The tuned clock from each region is then fed to two skew sensors (or phase detectors) for

comparison with neighboring clocks. Two major issues exist with this proposed

implementation: PVT variations on the signals and overall system stability.

Figure 2.12 : Previous multiple PLL ring architecture (from [57])

Firstly, the specifics of distributing the primary clock signals, the analog control

voltages, and the feedback clock signals across the entire chip are not addressed. With the

high levels of intra-die variation of present and future process nodes, the chip-wide

distribution problem must be specified and included in any clock skew results reported.

Secondly, the issue of system stability is not adequately covered. As seen in the diagram of

33
Figure 2.12, each phase comparator (labeled ‘pc’) produces two control voltages (one for

each of two neighboring delay elements), and consequently each delay element receives two

different analog control voltages. How these separate voltages are handled so as not to

result in overall system instability is not sufficiently discussed. In fact, three distinct types

of stability must be considered for any cyclic architecture. For the purpose of this research,

these three varieties of stability will be referred to as Mode-lock, Mode-lock Oscillation, and

Cyclic-Feedback Oscillation.

Mode-lock: Traditionally, the term mode-lock refers to an undesired condition of

multi-zone tuning, where one or more local phases may lock out of synchronization with the

global phase. For the system depicted in Figure 2.12, it would be possible for zone D to

lock 90˚ out of phase with zone A, zone C to lock 180˚ out of phase with zone A, and zone

B to lock 270˚ out of phase with zone A, since traditional analog phase detectors have a 90˚

phase limit. This mode-lock condition is a perfectly valid and stable locking state of the

cyclically connected multiple tuning zones; however, its phases are incorrectly locked, so

the system will remain unsynchronized. Mode-lock is avoidable with the use of more

complex phase detectors [58] [59]. However, in order to avoid these complex phase

detectors, [60] recommends propagating the phase information in a single direction (acyclic

instead of cyclic), which will be covered in the following section.
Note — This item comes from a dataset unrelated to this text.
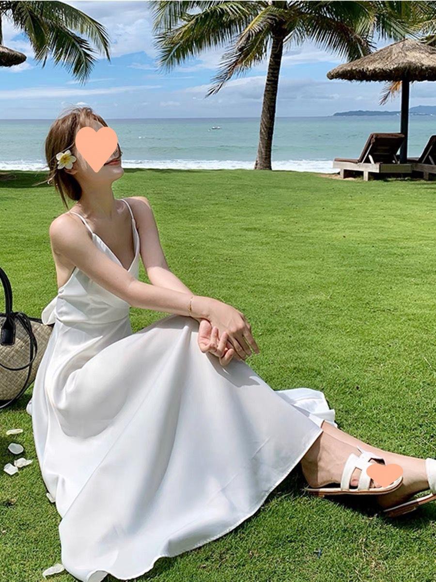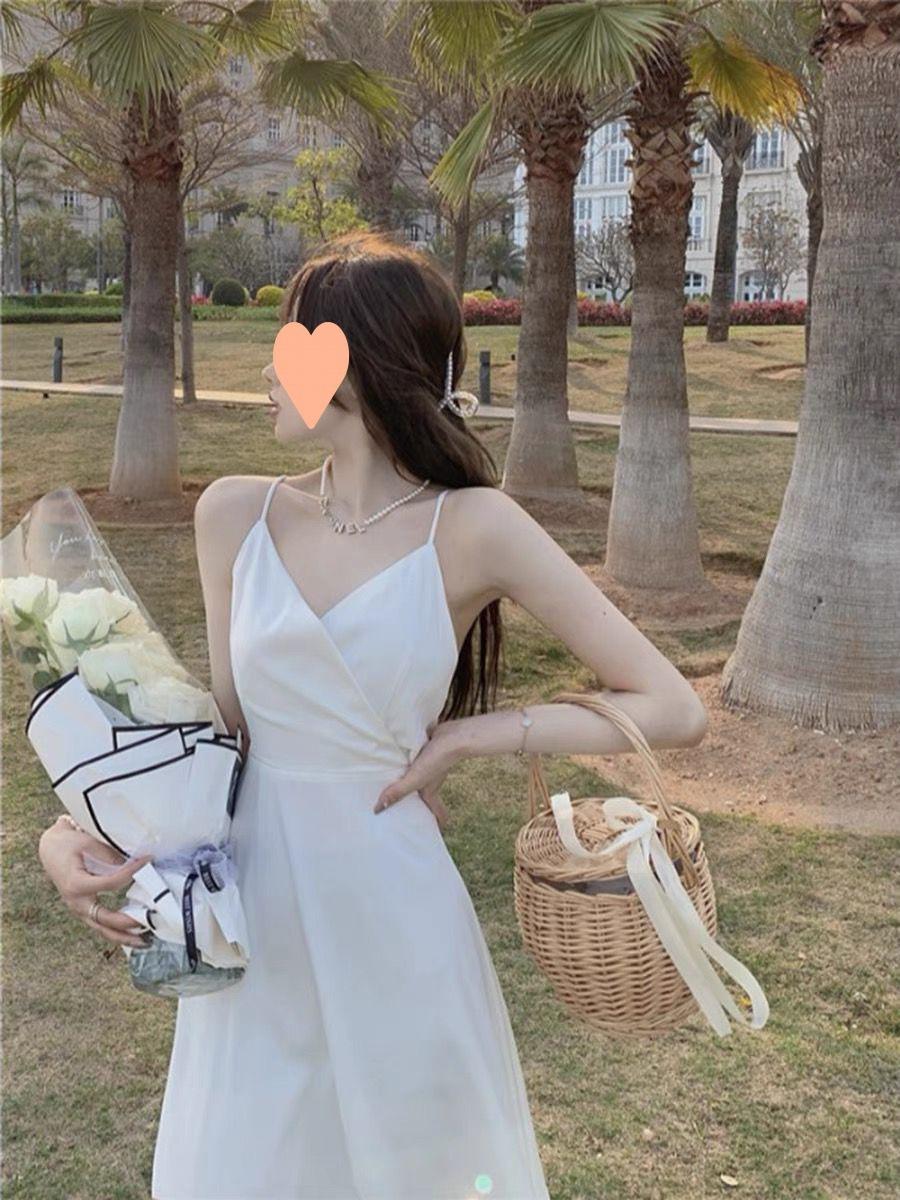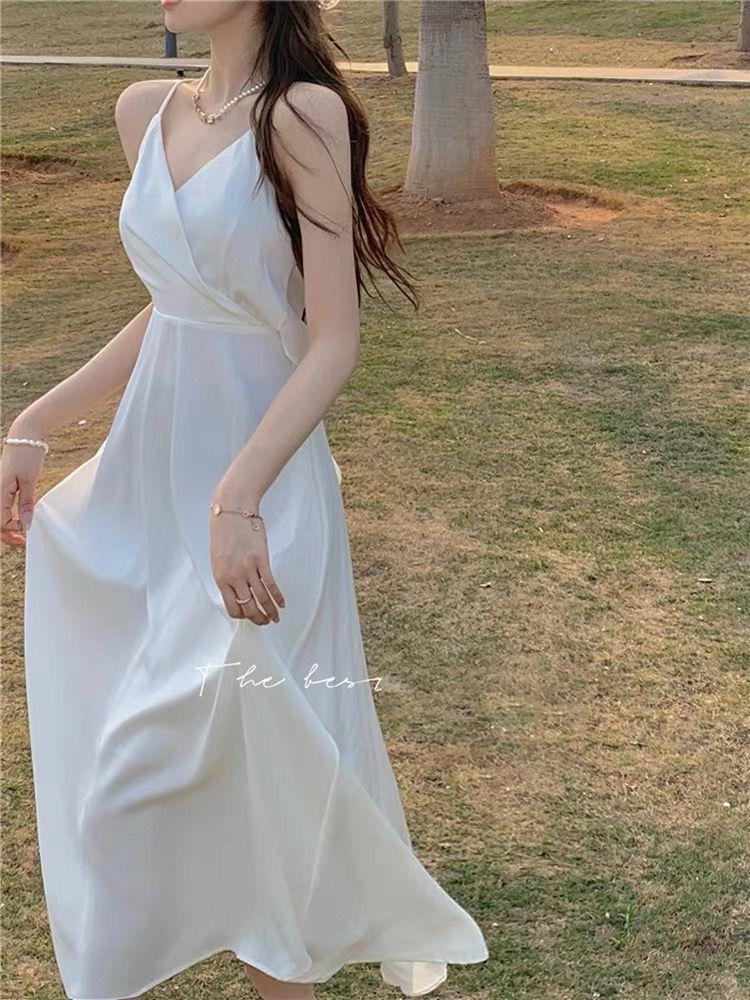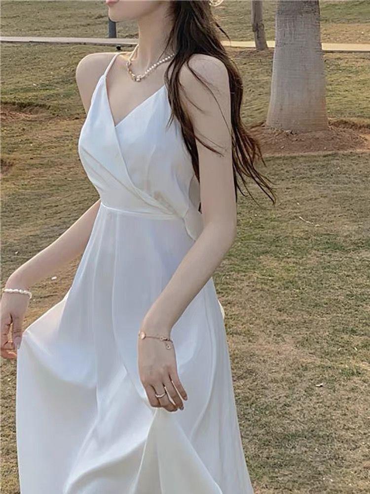 Verano 2025 Nuevo Vestido Blanco de Mujer de Largo Medio con Falda de Lazo y Cuello en V [Doble Capa con Forro]

Mode-lock Oscillation: Note that in this dissertation, a new term, mode-lock

oscillation, will be used to describe a multi-zone system instability that is closely related to

the original problem of mode-lock. In mode-lock oscillation, the multiple tuning zones

oscillate back-and-forth between two or more valid locking states, resulting in an unstable

locking of the entire system. As shown in Figure 2.12, the tuned clock of one zone becomes

34
a reference clock of its neighboring zone. This exchange of clocks (zone A tuned becomes

zone B and zone D reference, zone B tuned becomes zone A and zone C reference, and so

on) continues around the ring in a closed-loop or cyclic fashion. As a result, the adjustment

of the tuned clock of one zone could (if the other zones are appropriately positioned) occur

simultaneously as an opposite adjustment of its own reference clock – thereby negating the

intended clock tuning step and causing the same zone to attempt a reverse tuning correction.

Such a cyclic tuning structure could become 'stuck' in an infinite loop of continual

oscillation between two valid adjacent tuning states. Oftentimes, this more difficult problem

of mode-lock oscillation is simply (but incorrectly) referred to as mode-lock; nevertheless,

both mode-lock and mode-lock oscillation must be avoided for stable synchronous clocking.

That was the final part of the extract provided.